Мы непринужденно заговорили о предстоящей поездке, о всяких будничных мелочах, о городских новостях и о казарме. Я не мог понять, зачем я терзался, если все оказалось так легко и просто: ты приходишь в гости к девушке, подсаживаешься к ней и берешь ее руку в свою. И нечего прятать и скрывать: видно, что отношения между обоими самые сердечные; и незачем обороняться против нежности, и можно без стыда и с искренней признательностью принимать внушенные тобой чувства.

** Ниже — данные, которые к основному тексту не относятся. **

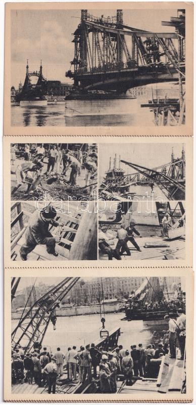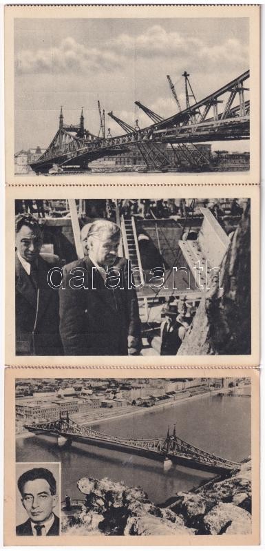 Beschreibung: 1945 Budapest, felrobbantott Ferenc József híd és az újjáépítése munkálatok, a kész Szabadság híd, Gerő Ernő és Tildy Zoltán - képeslapfüzet 6 képeslappal
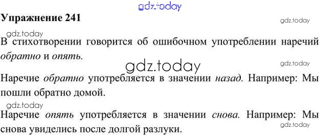На страницах сайта gdz.today вы найдете учебный и вспомогательный материал, направленный на улучшения знаний школьной программы. ГДЗ - онлайн мир знаний Упражнения Часть 2 (решение) 241 Учебнику по Русскому языку для 6 класса Быстрова, Кибирева Русское слово Инновационная школа 2016
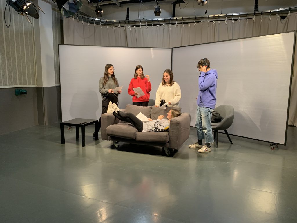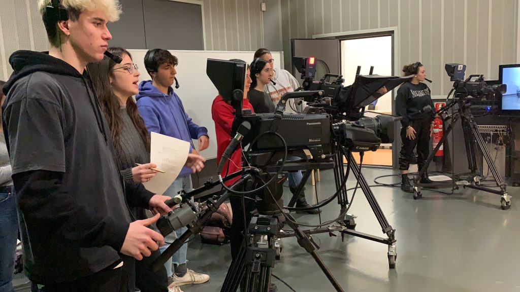 Aquest matí els alumnes de 1r i 2n de Batxillerat Artístic que cursen Cultura Audiovisual han visitat la Universitat de Vic per realitzar dos tallers pràctics molt interessants, un de TV i un altre de ràdio.
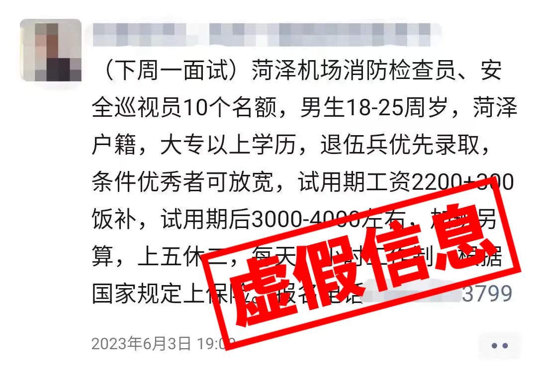 近期,山東省機場管理集團菏澤機場有限公司(以下簡稱“菏澤機場”)發現不法分子以菏澤機場的名義進行虛假招聘,通過微信、網站等渠道發布所謂的菏澤機場消防檢查員、安全巡視員等崗位的虛假、不實招聘信息,宣稱可以與菏澤機場直簽勞動合同,向求職者騙取入職費用等等。相關違法行為嚴重侵犯求職者合法權益,損害菏澤機場形象,造成不良社會影響。為保護各方合法權益,防范欺詐行為,特聲明如下:
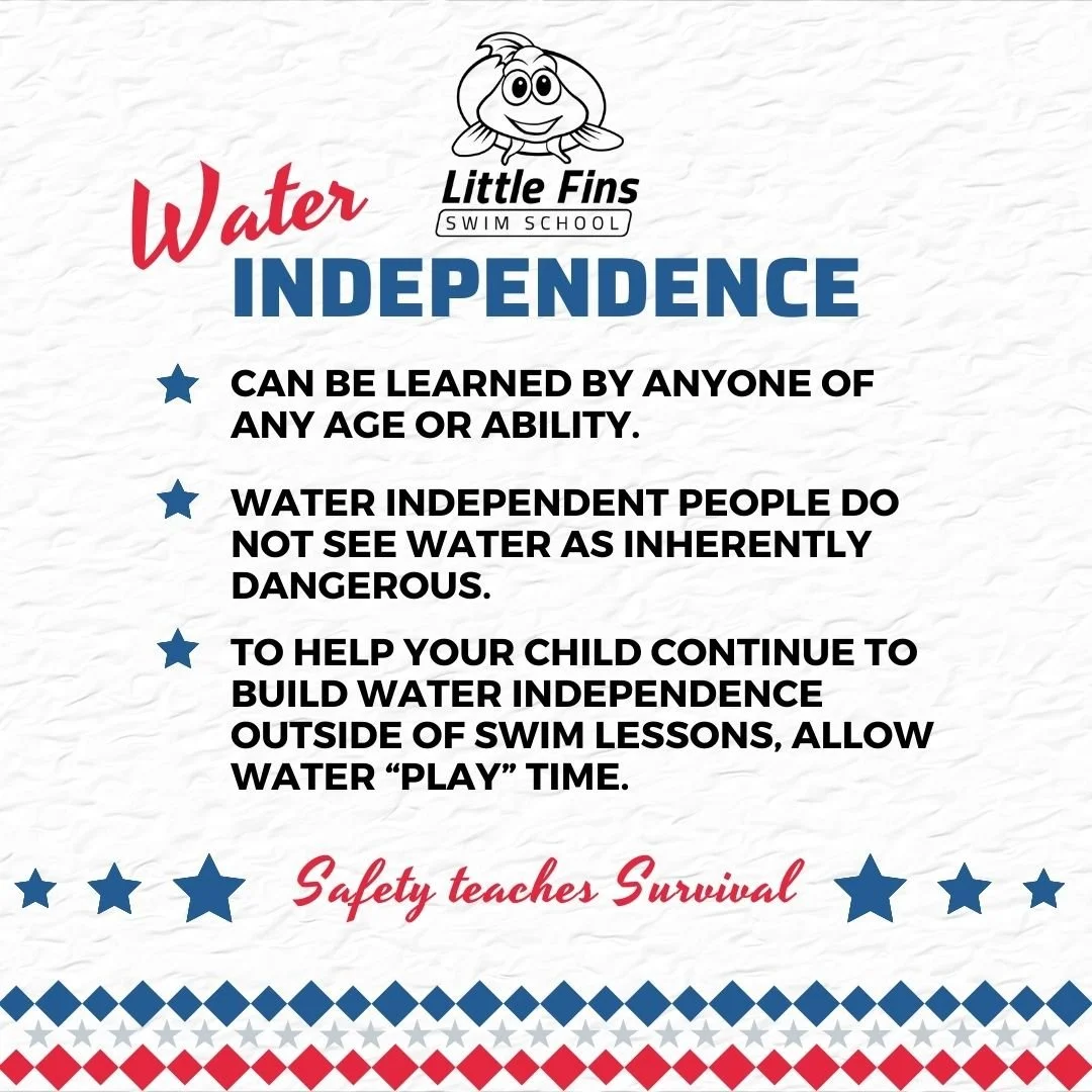 Water independence is critical to becoming “water safe.” Work with your family members to create an atmosphere of respect and love for the water, and you will be sure to have water independent swimmers. When some can move in multiple strokes or just hang out and do nothing but float in the water, you know that they are “comfortable” in the water, this is water independence.
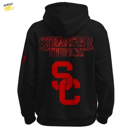 USC x Stranger Things hoodie with a bold red–black design
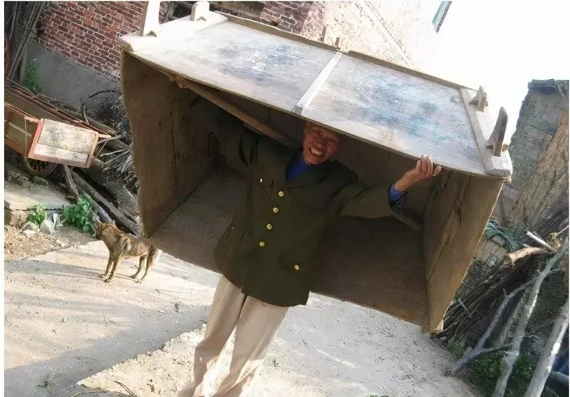 照片里那大箱子叫担子箱,能背着装东西走山路,男人扛在肩上走过坡道,箱体受过补丁,老人笑着说当年去赶集都靠它装货,如今更像是乡邻间的谈资。.
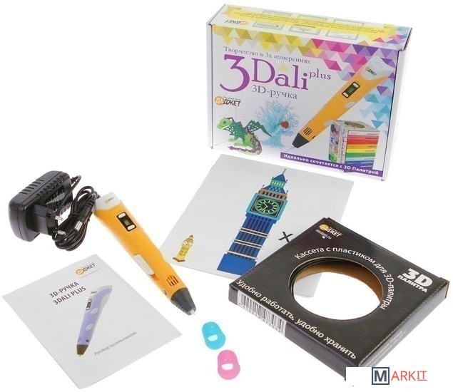 Комплектация | 3D-ручка 3Dali Plus;Адаптер питания;Руководство пользователя;Трафареты;Подставка для ручки;Стартовый набор PLA пластика / 3D-ручка 3Dali Plus;Адаптер питания;Руководство пользователя;Трафареты;Подставка для ручки;10 м пластика ПЛА. |
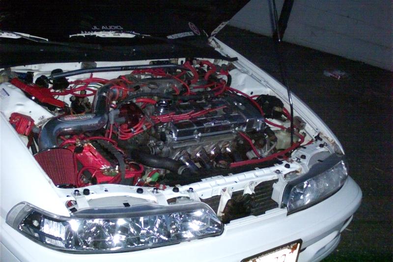 1.8l DOHC non-VTEC, Ractive header, ractive cat-back exhaust, ACT heavy duty clutch and light weight flywheel, AEM short ram intake, MSD red tinted clear modified dist cap, MSD blaster SS high output coil, accel thundersport red spark wires, NGK iridium plugs, chrome valve cover, Spoon Sports computer
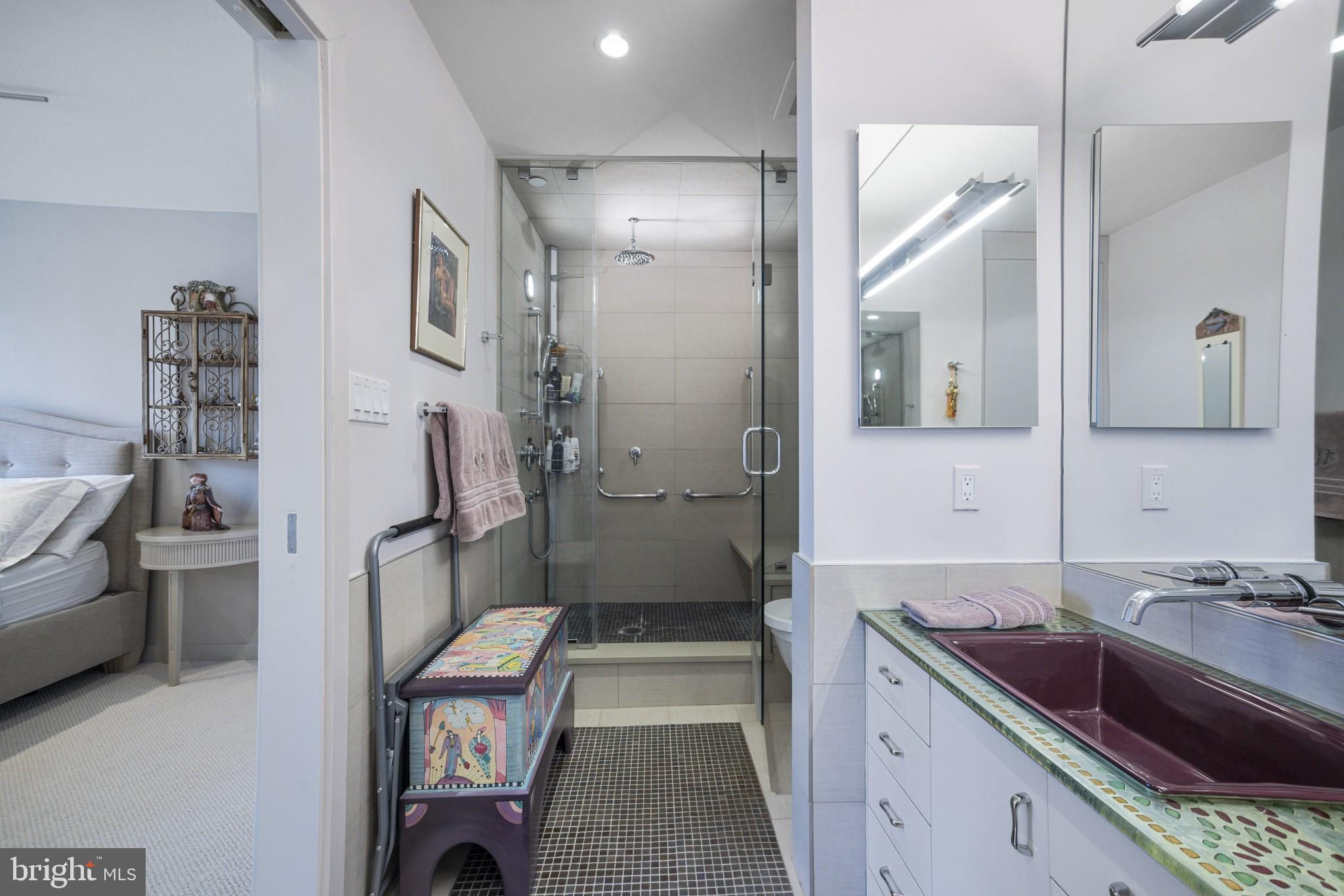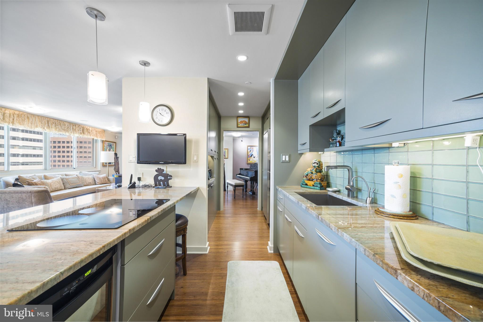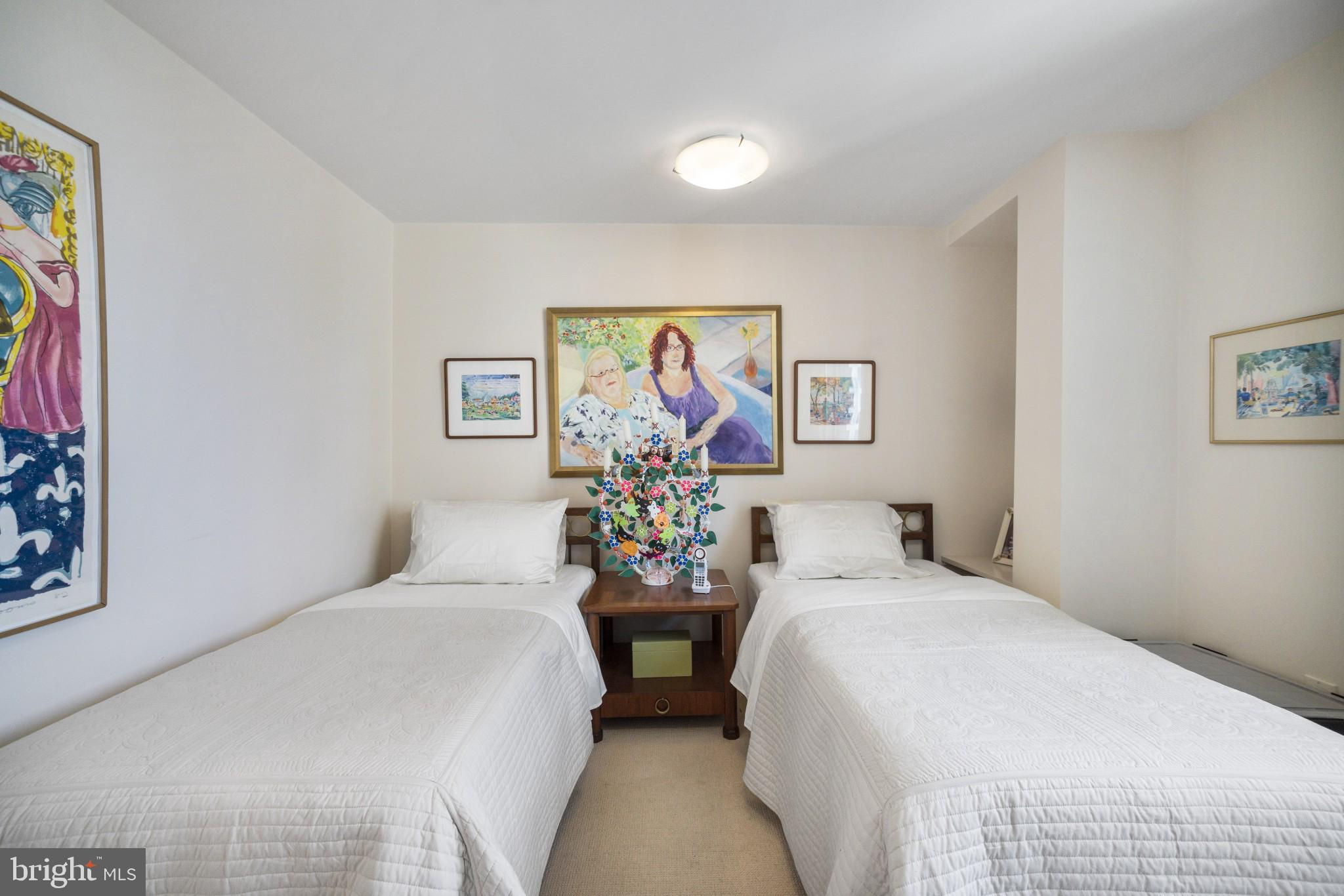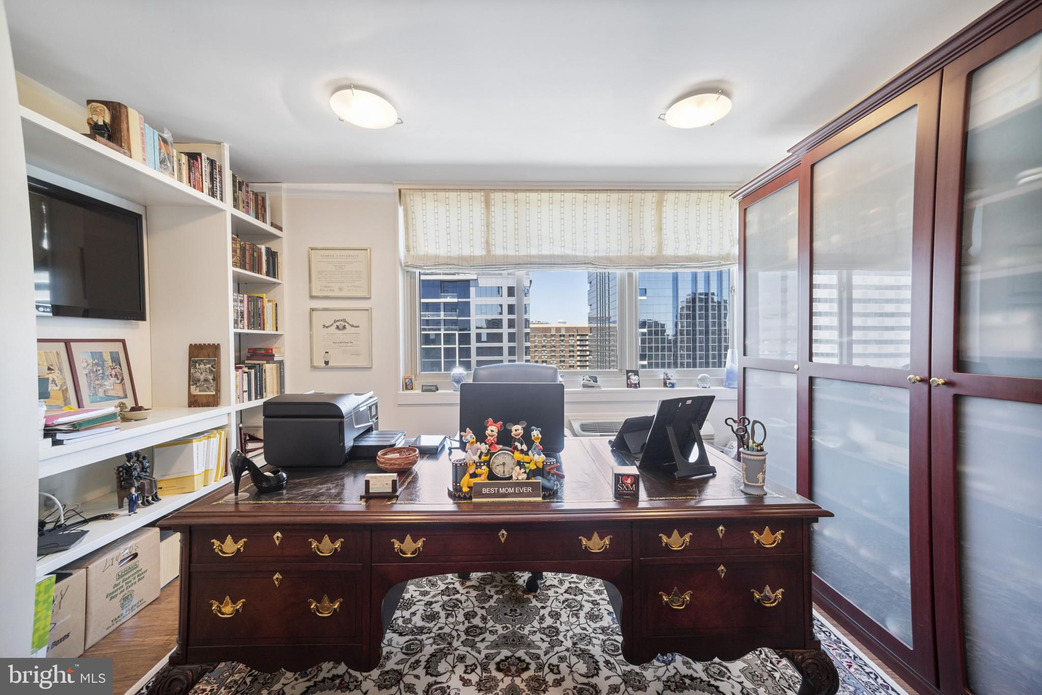 Perched above the buildings and rooftops of Center City, on the 29th floor of the iconic William Penn house is a one-of-a-kind home, comprised of 3 separate units (with 4 separate bedroom/office spaces) that were tastefully combined to make one expansive and upgraded residence. Enjoy an abundance of indirect natural light flowing in from all windows, soaking each corner of this amazing space. The main unit consists of an entry foyer with two large closets, an extra spacious living and dining area with plenty of wall space to display artwork plus a custom chef’s kitchen and 2 spacious bedrooms with 2 full baths. The kitchen features Quartz countertops with waterfall, GE Monogram refrigerator, GE Profile wall oven and built-in microwave plus a convenient coffee bar area with abundant pantry space. The hall bath features a custom modern vanity and an extra deep Jacuzzi soaking tub. The second bedroom is spacious with a full closet. The oversized primary suite offers a wall of closets, 2 incredible walk-in closets, plus a separate walk-in shoe closet and a custom tiled bathroom with walk-in shower, a built-in makeup vanity area plus linen/ medicine storage drawers and cabinetry. The second unit is an entirely self-contained studio apartment with full kitchen featuring granite countertops, spacious living area, a renovated neutral bath with Quartz countertops and a custom shower stall. Abundant closet space and a stackable washer/dryer is located off the bath area. The third unit also has a private entrance and is currently used as a private office/bedroom space with a wall of built-ins, a storage closet, a full laundry room with front loading GE Profile washer and dryer, a laundry sink with abundant storage all around. The William Penn House offers incredible amenities, making this building a perfect choice for easy city living. The William Penn House has never had a special assessment and since it is a coop building taxes are including in it’s low monthly maintenance fee. This building consists of 600 units with an attached parking garage (additional fee) and a rooftop entertainment space and swimming pool. Other perks of living at 1919 Chestnut Street include 24 hour security, on-site maintenance and management, a fitness center, a hospitality suite for guests, resident activities and more! Located in the heart of Rittenhouse Square, one block from the park itself, you’ll be surrounded by world-class restaurants, fabulous retail shops, coffee shops, grocery stores, pharmacies, and so much more.

Потом мы сидели за столом. Серебряные канделябры мерцали в зареве свечей, цветы вырывались из ваз, словно пестрые языки пламени, свет хрустальной люстры отражался в зеркалах, а вокруг, словно раковина, хранящая жемчужину, молчал большой дом. Порой, когда сквозь распахнутые окна доносился аромат сада, я, казалось, слышал, как вздыхают деревья, как ветер страстно ласкает траву. Все было прекраснее, чем обычно. Старик сидел, словно пастор, торжественно выпрямившись; никогда Эдит и Илона не казались такими молодыми и веселыми; никогда не пылала так ярко тонкая кожура фруктов. Мы ели, пили и радовались обретенному покою. Беззаботной птицей порхал между нами смех от одного к другому; игривой волной плескалось веселье. Лишь когда лакей налил шампанское и я, подняв бокал, взглянул на Эдит — «За ваше здоровье!» — все вдруг стихли.
— Да, выздороветь! — Она вздохнула и доверчиво посмотрела на меня, словно мое желание было властно над жизнью и смертью. — Выздороветь для тебя.
— Дай бог! — Отец вскочил, он не мог далее сдерживаться. На глазах его выступили слезы, он снял очки и старательно протер их. Я чувствовал, что ему мучительно хочется дотронуться до меня.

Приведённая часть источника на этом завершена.